And right here the idea breaks down, as you're assuming that whatever you use to waste time up to the limit if you finish early will be externally indistinguishable from actual cryptographic computations.

I don't think people appreciate just how complex modern hardware is.  Here's something I just recently learned:  The last 2 (3?) generations of Intel chips have non-uniform memory access *on chip*.  When you look at the chip, you see some number of cores, and some amount of memory.  They all look the same.  But on the chip, the cores are grouped into blocks, each with some fraction of the memory; and the blocks are on an on-chip ring.  (Early versions used a uni-directional ring; later versions a bi-directional ring.)  So memory latency depends on whether you are accessing memory in the same block as the current core, or memory in some other core; and if on some other core, how far away it is along the ring.  In fact, the difference (viewed at a high level) comes to over 30% (after caches are considered).  If you look just at raw access times, the difference is much greater.  Also, there's a distributed cache consistency algorithm *running inside the chip itself*.  So you could probe what other cores are using from the cache by looking at cache hits and misses on yours.

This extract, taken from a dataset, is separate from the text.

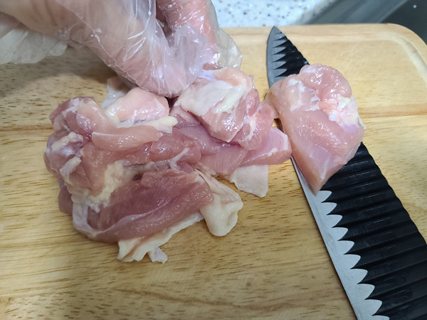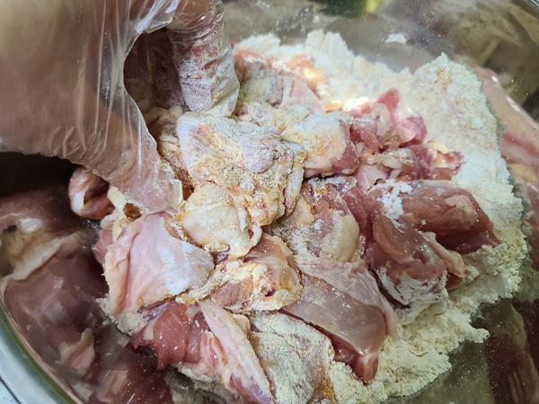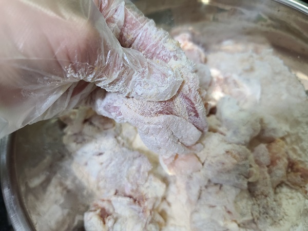 닭은 먹기 좋게 한 번 더 손질하고 튀김가루를 묻혀 튀기기로 했습니다. 잘게 자르다 보니 어찌나 양이 많은지...... ㅜㅜ
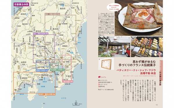 地図は掲載スポット同士の距離感がわかる広域図もアリ。「ここに行ったら次はここ……」と計画が立てやすい!

Oh, and BTW, Skylake replaces the ring with a crossbar - whose detailed performance characteristics no one outside of Intel yet knows.

On top of all this, OS's have complex algorithms that try to optimize usage in the face of the complexity of the hardware - e.g., trying to allocate memory in the same block as the core running the thread that allocated it (which can actually fail badly if the design of the application allocates memory in one thread - e.g., a UI responder - and promptly passes it off to another).

Given this level of complexity, I think the notion of "really secure" cryptography running on general-purpose hardware is nonsense - if you define "really secure" as safe against all kinds of side-channel attacks by NSA and its friends - not to mention attacks through holes deliberately or accidentally introduced in the huge amounts of microcode that runs all this stuff.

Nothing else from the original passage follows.